Without arranging his disordered hair or dress, he went up on deck, looking so wild and haggard that one of the deck hands remarked to another:
“That young fellow has been on a big drunk, and is paying for it now, you bet.”
Harcourt had no intention of stopping in Richmond. He was too well known in the Queen City of the South. He would go to the North, and lose his identity in some large town where he had never been before.
New York City offered the largest human wilderness in which to lose himself. He had never been there in his life, and had no acquaintances there except the Bushes and that Belial, Hanson. Hanson was away, and the Bushes would not be at all likely to discover him in changed identity.
He would go to New York by the first boat.
He declined the breakfast offered him by the steward, gathered his baggage and had it transferred to the New York boat, which was getting up steam to start on her northward voyage. He sat on the deck, staring off into vacancy, as the boat turned and steamed down the river.
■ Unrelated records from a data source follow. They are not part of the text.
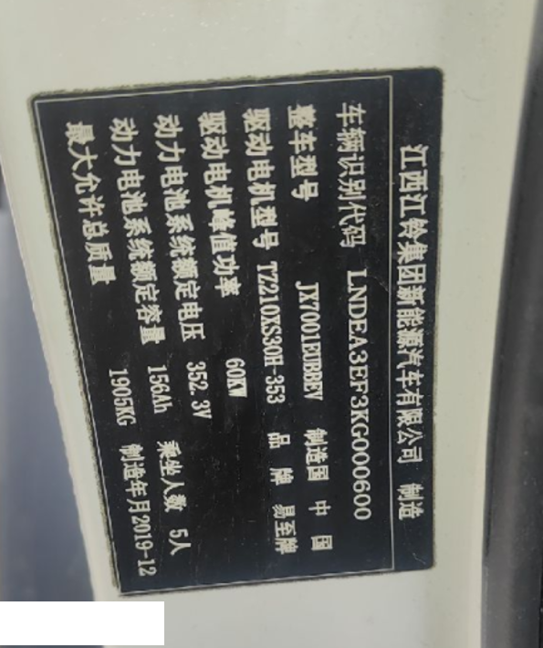 初次登记日期 2021-12-22 车辆名称 江铃集团新能源 易至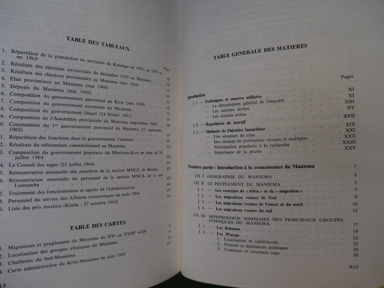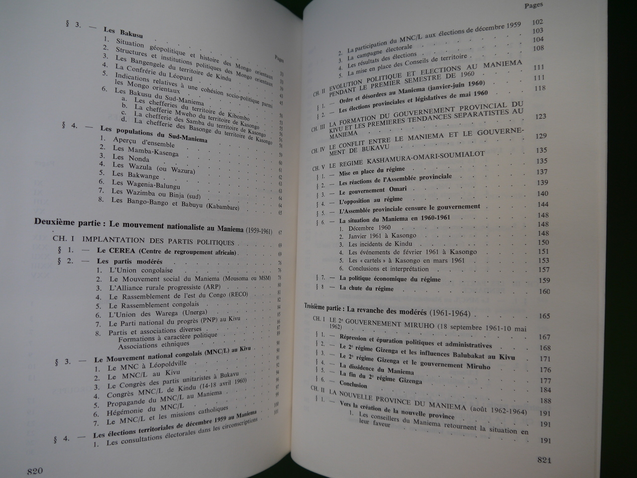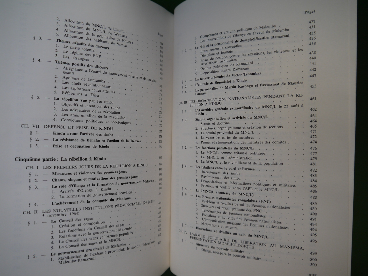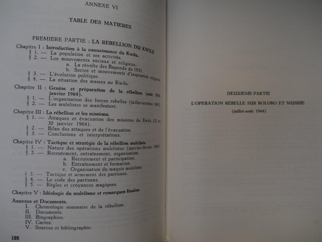 Le tome 1 est co-édité par l’INEP, l’Institut national d’études politiques, à Léopoldville. Le tome 1 aborde « l’opération rebelle sur Bolobo et Mushie », « la rébellion d’Uvira-Fizi » et « la rébellion au Nord-Katanga ». Le tome 2 est sous-titré « Maniema ». L’ensemble totalise près de 1400 pages! Biographie de l’auteur ici.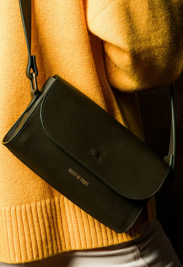 Sac à main en cuir vert kaki "Gabrielle" de Valet de Pique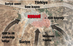 Kobani sokaklarında olduklarını belirttikleri görüntüleri kendi çizdikleri bir “işgal” haritasıyla birlikte yayınlayan IŞİD militanları dün bu bilgiler ışığında ABD ve koalisyon uçakları tarafından vuruldu, YPG ilk kez saldırıya geçti.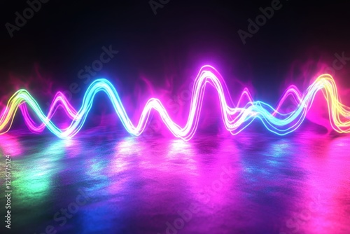 Vibrant wave of colorful lights reflecting in a sleek surface at nighttime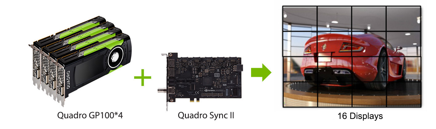 Support Quadro Sync IISynchronize the display and image output of up to 32 displays from 8 GPUs (connected through two Sync II boards) in a single system, reducing the number of machines needed to create an advanced video visualization environment.
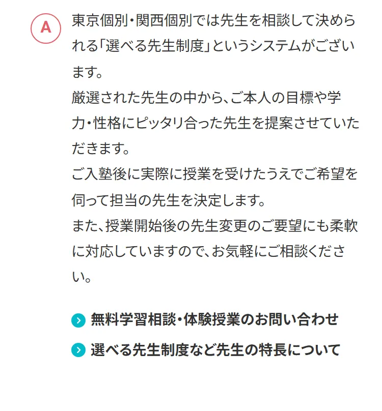 東京個別・関西個別の特長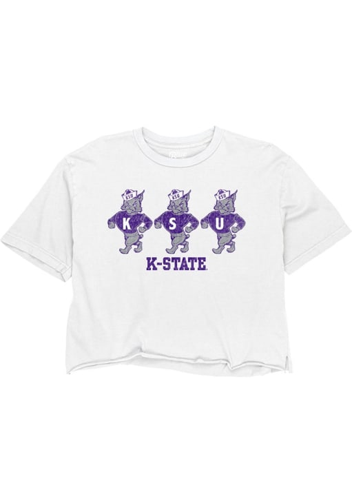 Display your team spirit with this remarkable K-State Wildcats White Boyfriend Crop Short Sleeve T-Shirt! The K-State Wildcats Short Sleeve Tee showcases a screen print vault graphic on center chest that truly sets it apart. Stand out from the crowd and proudly declare your allegiance to the Wildcats with this exceptional White K-State Wildcats T-Shirt. Fear The Cats!
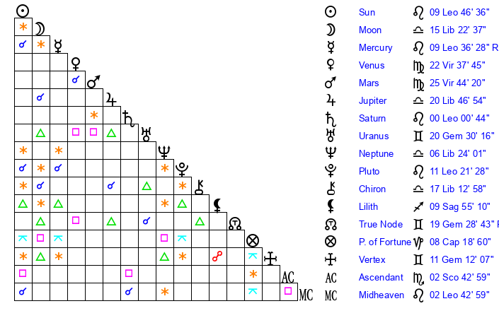 | Mercury | 9 Leo 36 | 7 Leo 45 | 18 Scorpio 15 |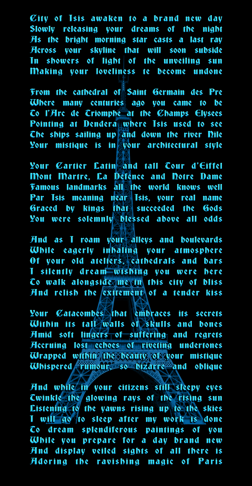 Visual poems and prose have multiple shapes - portrait, landscape or other forms, which is why it is difficult to place them in a standard structure. Preferably, this page should be watched on a desktop monitor to benefit from the poems' physical size. I've written a ton of poetry over the decades; below you find a small selection, with the exception of poetry that is too piercing to publish, particularly in these days of unveiled censorship. Click on images to view them in a lightbox. Scroll or click to return to the page that contains the poetry viewed.
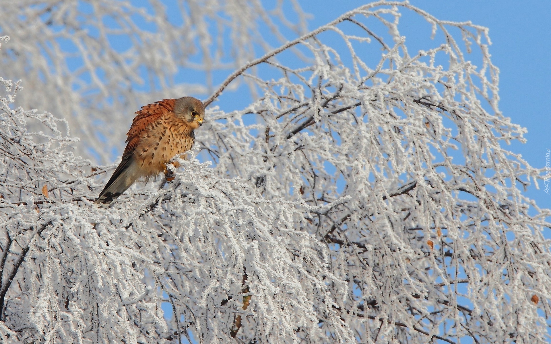 Edytor tapety: Ptak, Pustułka, Zima, Drzewo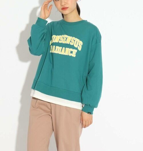新品 PINK-latte カレッジ風裾レイヤードトップス  グリーン(022) 15(150cm) 定価2530円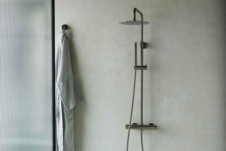 Multifunctional Shower Bar Mixer. 250mm fixed head and side rail. Be ready to face the day with a Coalbrook shower. 4 finishes.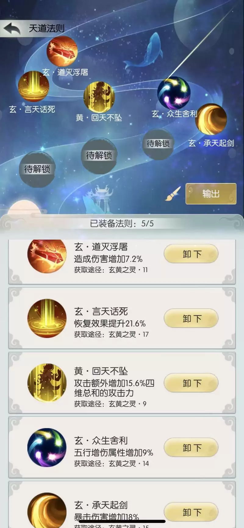 这里我第五兽技放了满级的会心3,没有会心3的用1或者2将就,没有会心就要求很高的主五属性了。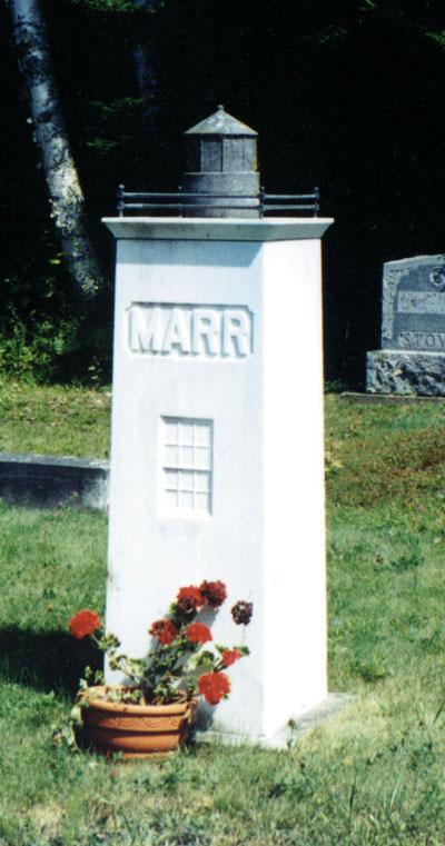 Wolcott Marr’s gravestone in a Southport, Maine cemeytary takes the form of the Hendricks Head Lighthouse where he served for so many years. Back to the edition of: May 2002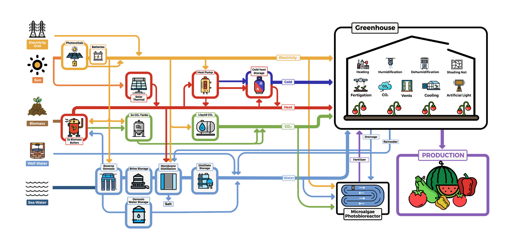 - Production System: Traditional greenhouse (hydroponics and conventional) with technologies to generate, save, and efficiently use energy, water, and CO₂.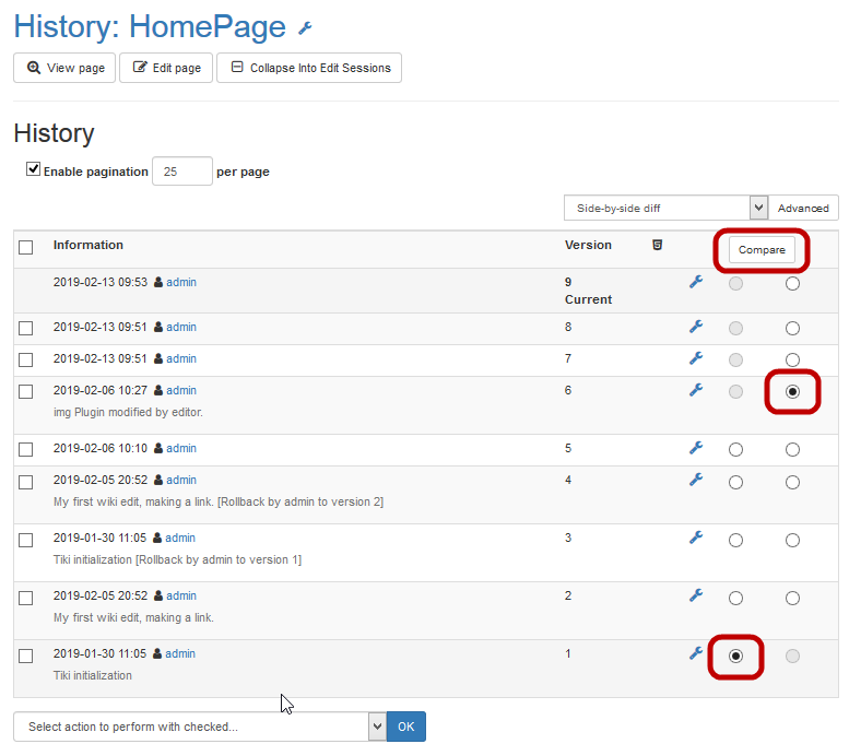 - In the Compare column select any two version and click Compare. TIki shows a side-by-side comparison of two versions of the Home  Page.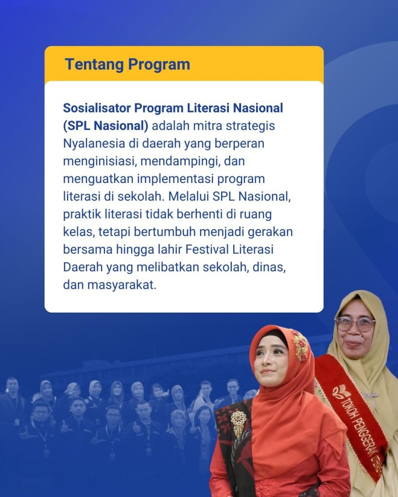 Sosialisator Program Literasi Nasional (SPL Nasional) adalah ujung tombak gerakan literasi di daerah. Posisi ini merupakan mitra strategis Nyalanesia yang berperan penting untuk: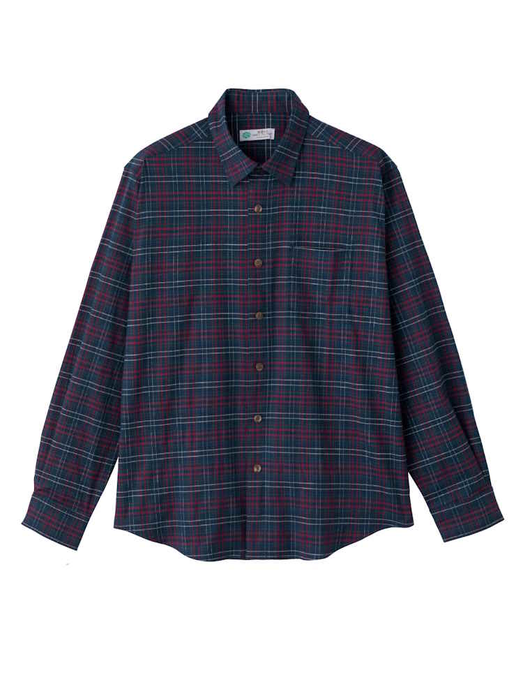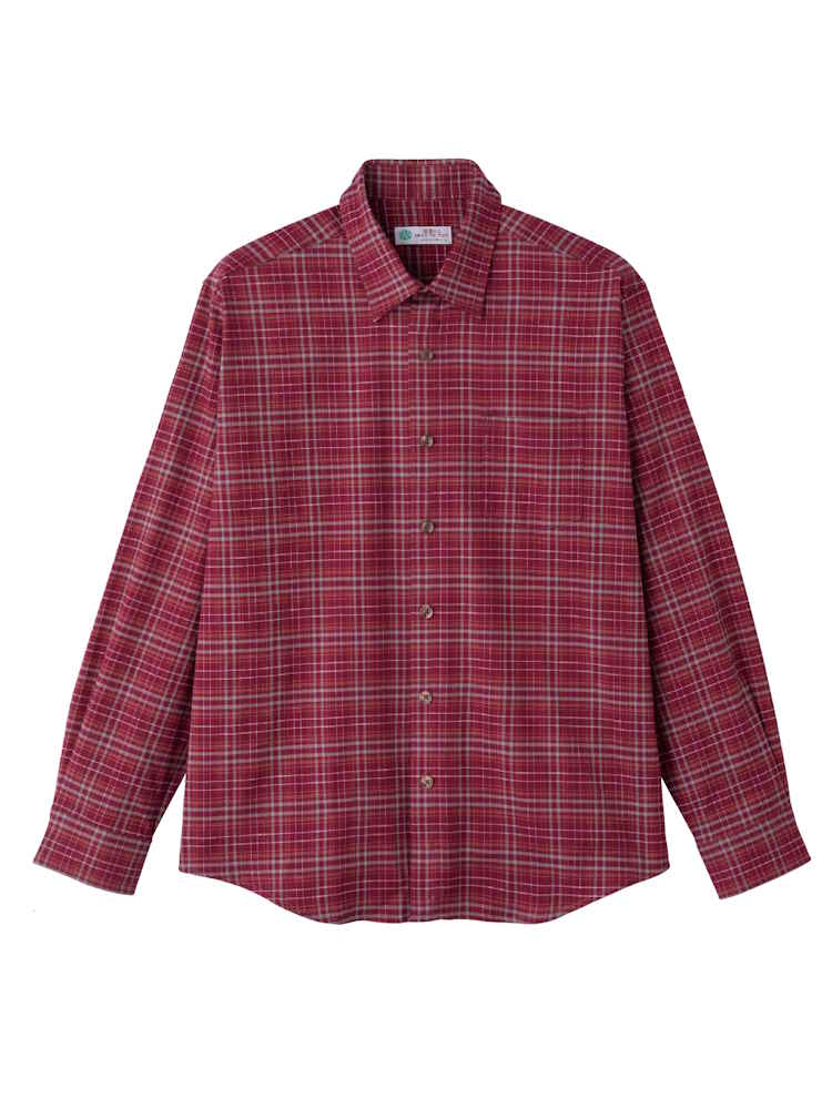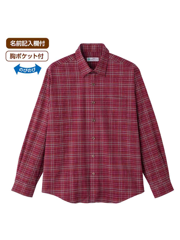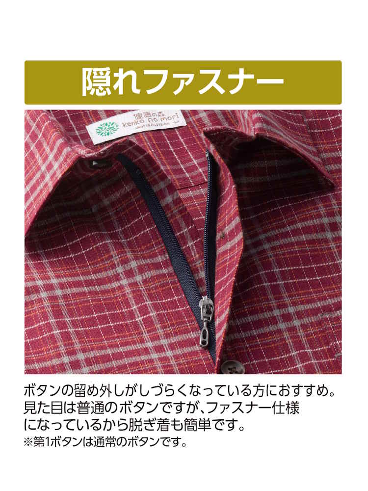 【前開き】【秋冬】綿混隠れファスナーシャツ/紳士用/メンズ/高齢者/シニア/のびのび/あったか/名前記入欄付 【CF】(ワイン)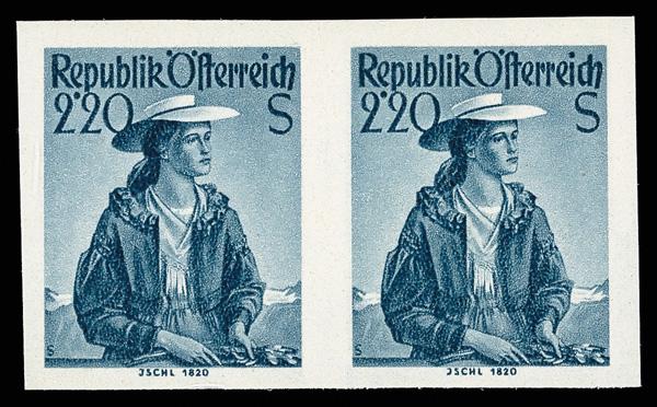 1952, Austrian Costumes, 2.20S gray blue, imperforate (Scott 547 var.), horizontal pair, o.g., never hinged, fresh and cleanly printed on white paper with flat gum; sound with full margins, Very Fine. Michel 978 II yb U; €600 ($650). (Image)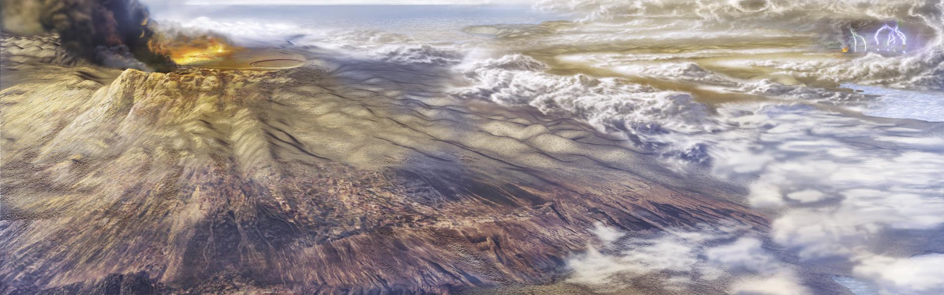 Al evaporarse de la superficie, el vapor de agua ascendió en cantidades inmensas y se unió al dióxido de carbono de la atmósfera primigenia, formando nubes espesas, que lo cubrieron todo. Esta condensación desencadenaría el mayor diluvio que ha sufrido la Tierra. Las tormentas azotaban los cielos y la lluvia comenzó a caer sobre la superficie rocosa. Y siguió lloviendo; llovió durante millones, y millones, y millones de años. El resultado fue un mundo acuático. Más del 90% de la superficie de la Tierra se había convertido en un inmenso océano. Se formaron pequeñas islas volcánicas en los mares.

“Young fellow getting over a long spree, I shouldn’t wonder,” remarked one passenger to another, as they noticed the pallid skin, haggard features and inflamed eyes of poor Harcourt.
He knew nothing of these comments, but sat there, gloomy and abstracted, until he was aroused by a voice near him.
“How do you do, sir?” it said.
He looked up, dazed by the sudden and familiar address from a stranger.